Taking the middle ground: Significant opportunities open to private equity investors
Private equity investors are increasingly being drawn to Turkey by its fast-growing economy, macroeconomic and political stability, strong demographics and abundance of family-owned businesses. Many large buyout deals have been struck in recent years, but more opportunities for growth may exist for private equity funds that are willing to invest in mid-sized businesses.
Turkey has already attracted some of the biggest names in the field, including Abraaj Capital of Dubai, European fund BC Partners, international private equity firm Bridgepoint, global asset management fund Carlyle Group and US-based TPG Capital.
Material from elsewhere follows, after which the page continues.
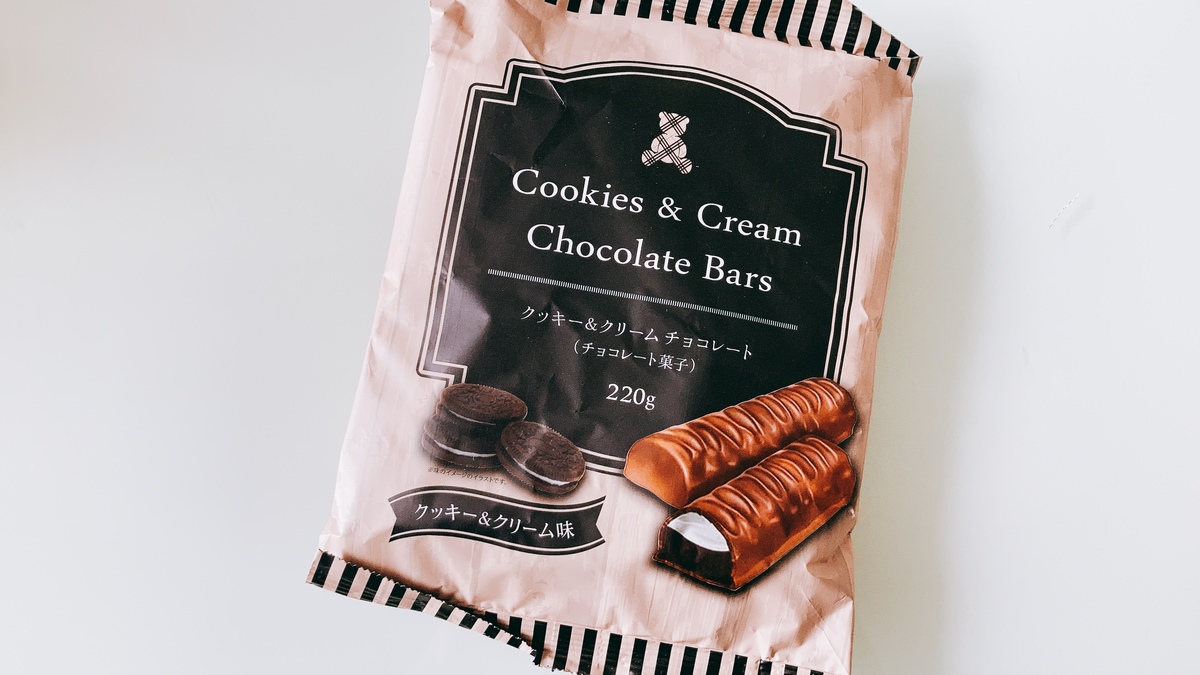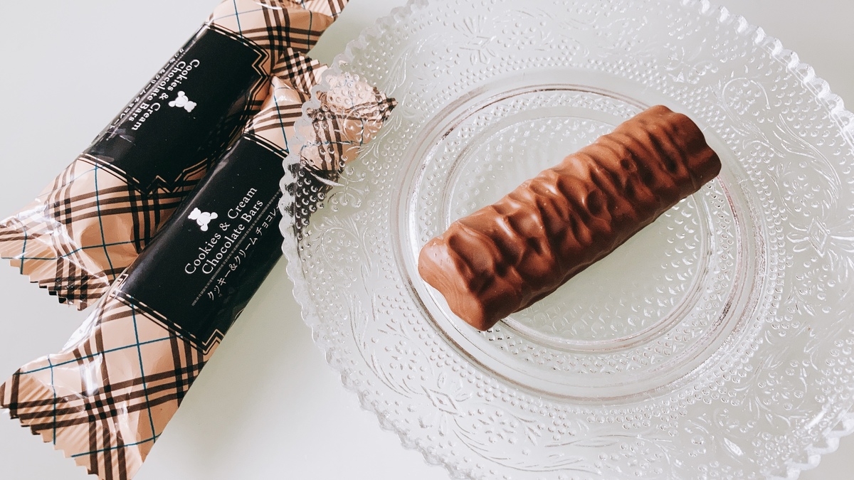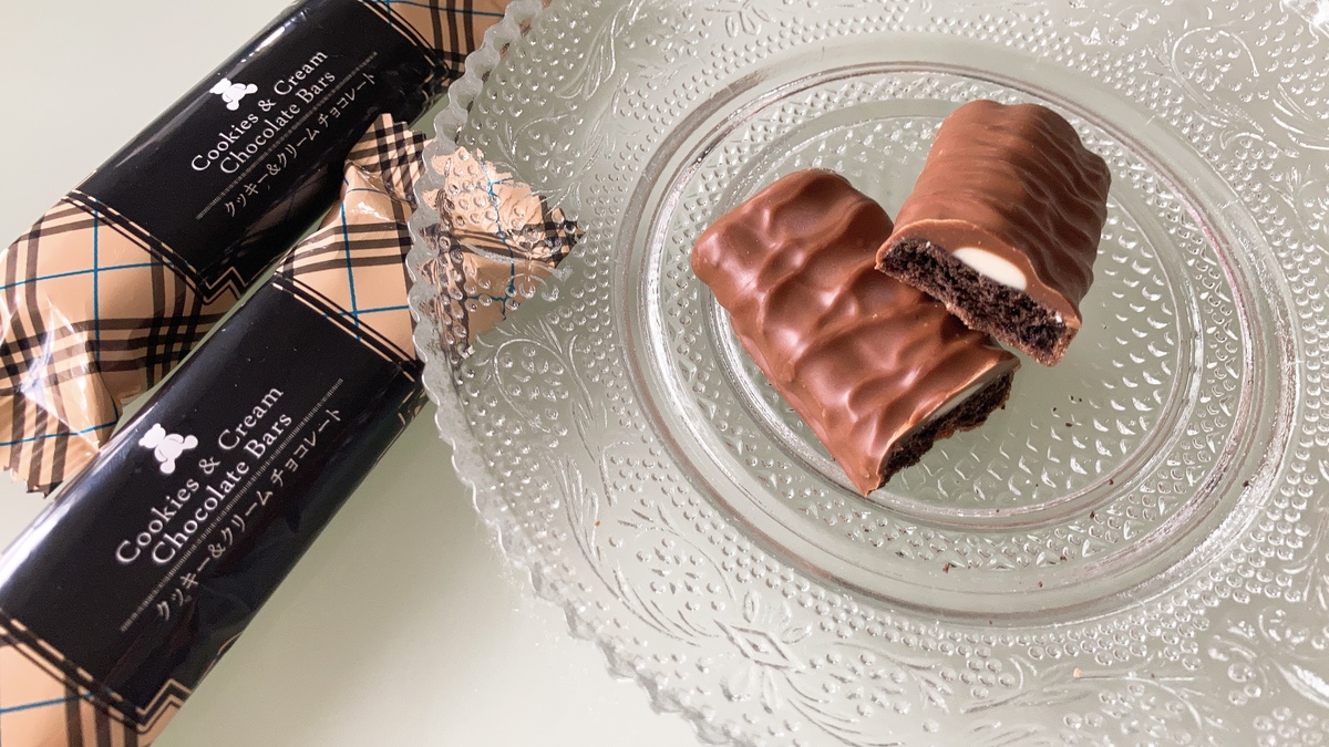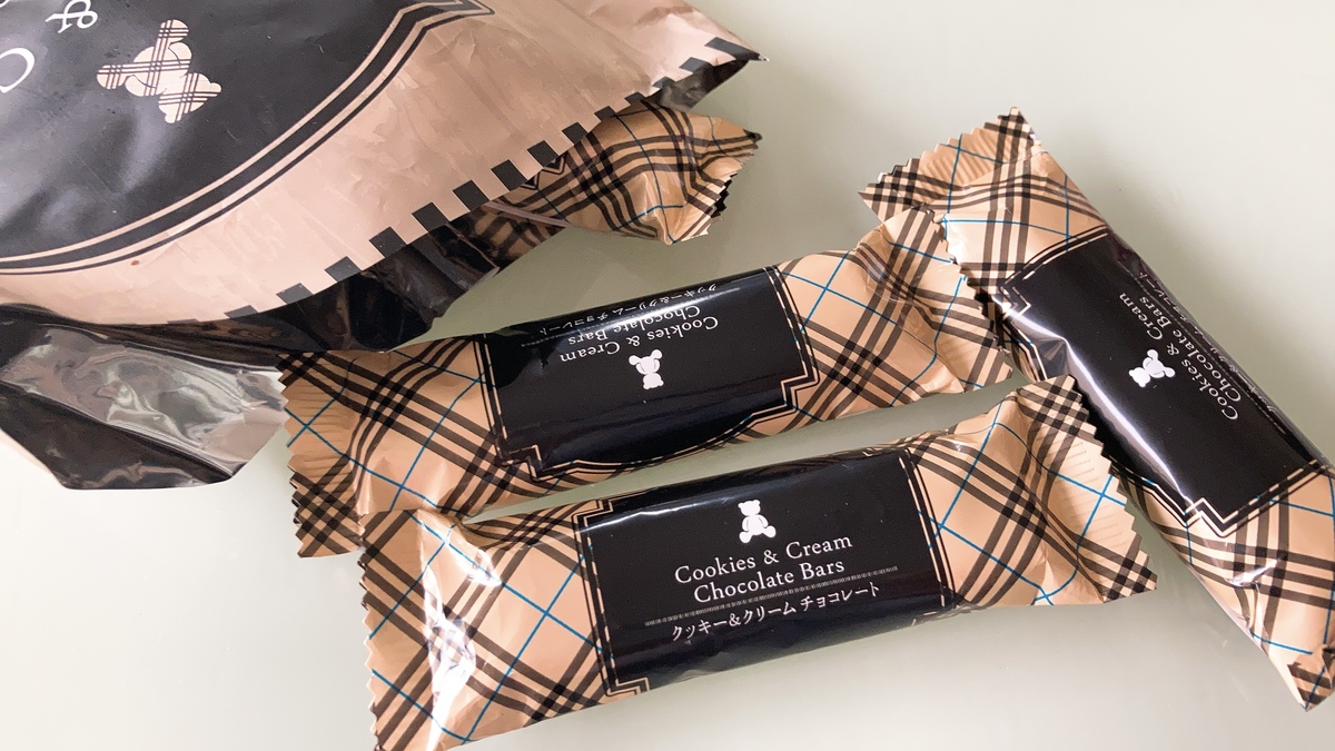 こちらはクッキー&クリームチョコレートバー268円(税込)です。このチェック柄のくまちゃんが何とも可愛らしくて目を引くパッケージ、ついパケ買いです。

Moreover, some of these private equity funds have been successful in divesting their holdings with handsome profits, including TPG and Abraaj. In February 2011, the former sold its 90% interest in Turkish spirits company Mey Içki Sanayi to Diageo for $2.1bn. TGP had bought its stake in the formerly state-owned enterprise in 2006 for $810m. In January 2012, Abraaj sold its 50% position in Turkish hospital chain Acıbadem, acquired in 2007, for about $1bn to Integrated Healthcare. While Abraaj has not disclosed the amount it paid for its shares in the health care provider, it has publicly said that it made an attractive return on its investment.
MID-SIZED BUSINESSES: While these deals attracted international media attention, Turkey also offers opportunities to invest in mid-market growth companies, according to Serkan Elden, the managing partner of investment management firm capitAlinka.
These are typically first- or second-generation family-owned operations, with an interest in expanding their businesses by attracting new customers and entering markets, acquiring other firms and setting up international partnerships. For medium-sized privately held firms in Turkey, private equity represents an attractive form of financing. These family-owned businesses are generally undercapitalised and cannot attain more credit from banks without an additional injection of equity. Moreover, they are increasingly viewing private equity as an acceptable form of capital and partnership.
However, challenges remain. First, the investor needs to establish trust with the owner. Second, a presence in Turkey is likely required, as much of the deal flow is coming from outside Istanbul, and international firms could find it difficult to access family-owned businesses. Third, most of these owners are keen to work with their financial partners in executing growth strategies.
Therefore, passive minority ownership – the style of private equity deals that was traditionally prevalent in the region – may not be possible when it comes to dealing with Turkish mid-market family-owned businesses.
LEGAL CHANGES: The new Turkish Commercial Code, set to go into effect in July 2012, could also present challenges to private equity firms doing business in Turkey, according to Ismail Esin, managing partner at Esin Attorney Partnership. Private equity investors often use bank loans to help finance buyouts, with the target firm typically providing assets (eg, their receiveables) as collateral. While this form of financial assistance is legal under the current Turkish law, the new Commercial Code prohibits the target from giving collateral to secure acquisition-related loan repayment. This will make it more difficult for the potential acquirer, such as a private equity firm, to secure financing.
However, the Commercial Code will bring some positive changes as well. Tag-along and drag-along rights – both of which are important to private equity investors – will now be included in shareholder agreements rather than in the articles of association for all joint-stock companies. Moreover, minority shareholder rights will in general be enhanced, which is a useful change.
While some of these elements of the new Commercial Code could give some private equity investors pause, it is important to remember that this is an area that is still largely in the early stages of development. The country’s comparative depth in its management talent and private enterprise culture, in addition to its regional economic ties to the Middle East, Russia, Central Asia and North Africa, make local mid-market companies an attractive target for private equity investments.